# moving to Portland Oregon



## aoife206 (Mar 7, 2011)

Hi All, 

There is a 99% chance I will be moving to Portland in June on a L2 visa & as i wont be able to work for at least 3 months, i am looking on information on different goups i could join or meet up with durning the day, as the husband will be working. 

I run, do triathlons & play badminton, but would be up for trying any new sports, & would love to meet others to train with or just have a coffee with. 
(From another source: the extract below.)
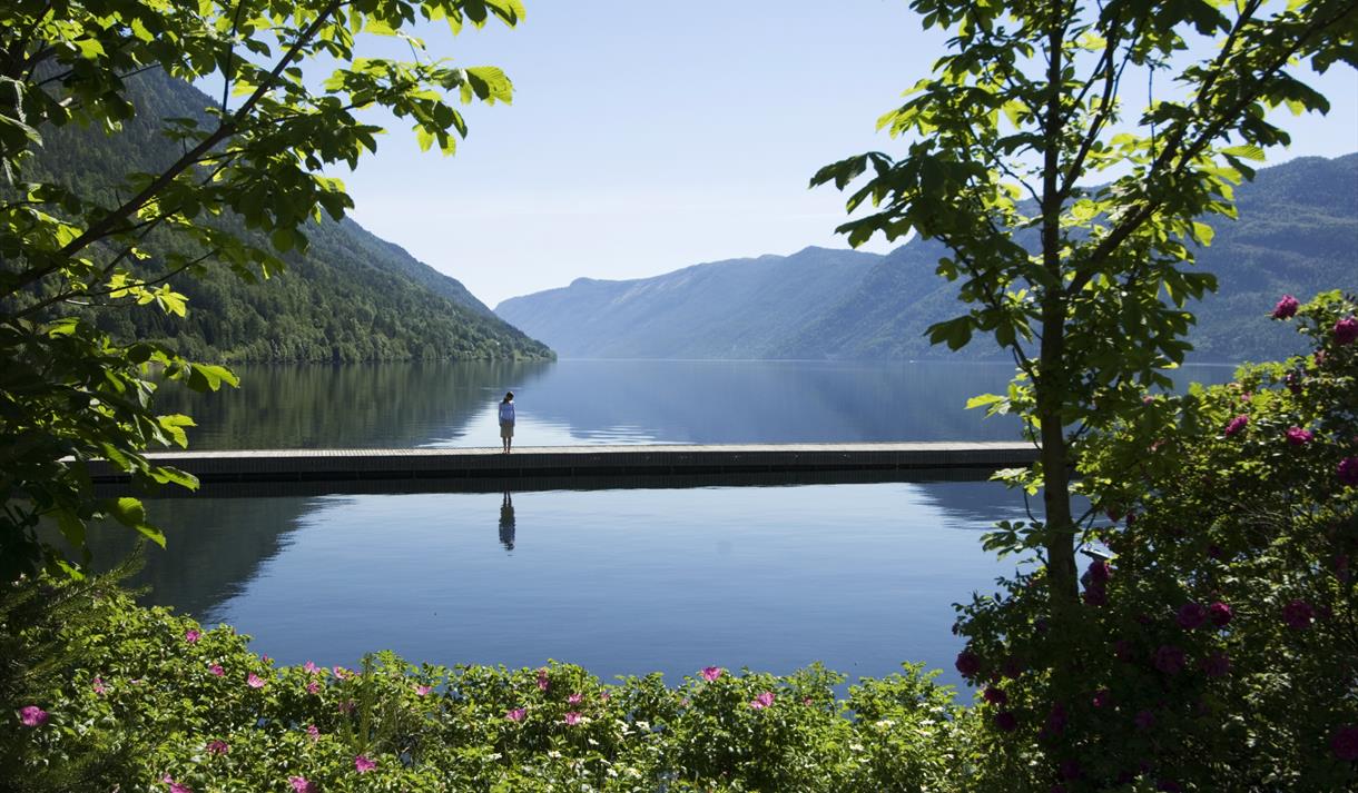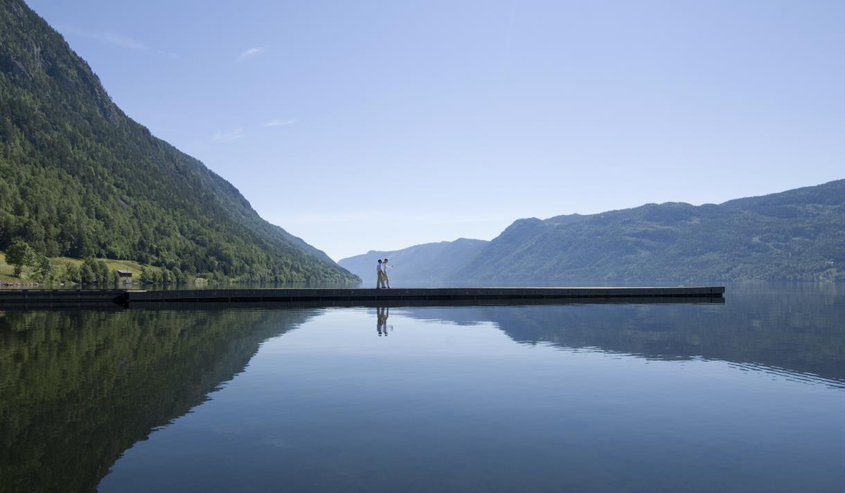 Idyllisk bryggje på sørsida av Bandak/Telemarkskanalen med overnattingstilbod for…

Also are you allowed to volunteer or do a course while waiting for your EAD to come through. 

Thanks


----------



## PdxSailor (Mar 16, 2011)

*portland - or*

Feel free to contact me when you arrive. I have extensive contacts in the Portland metro area for personal or business networking. For instance: a good friend does triathlons, wife works at the university, i'm a member of a large business networking group, etc. safe travels!

cheers,
Christian



aoife206 said:


> Hi All,
> 
> There is a 99% chance I will be moving to Portland in June on a L2 visa & as i wont be able to work for at least 3 months, i am looking on information on different goups i could join or meet up with durning the day, as the husband will be working.
> 
> ...


----------



## aoife206 (Mar 7, 2011)

Thanks for you reply Christian, 

Just back from visiting Portland for a few days - looks like a nice city, lots of outdoor activities.


----------



## kainvest (Apr 3, 2011)

Hi there... Me any my wife will also be moving to Portland in June from Denmark. 
My wife is coming over on an L2 visa as well.


----------



## malinkyhoy (Jun 7, 2012)

*New to Portland, Oregon.*

Hello everyone this is my first time posting in this forum. I recently moved from Central Virginia to Portland Oregon with my wife, I'm originally from West Yorkshire. 

I literally arrived two days ago and I'm now looking for a job. I'm a photographer by profession, but can pretty much turn my hand to anything, and I'm happy to do so. I look forward to meeting up with people in Oregon.


----------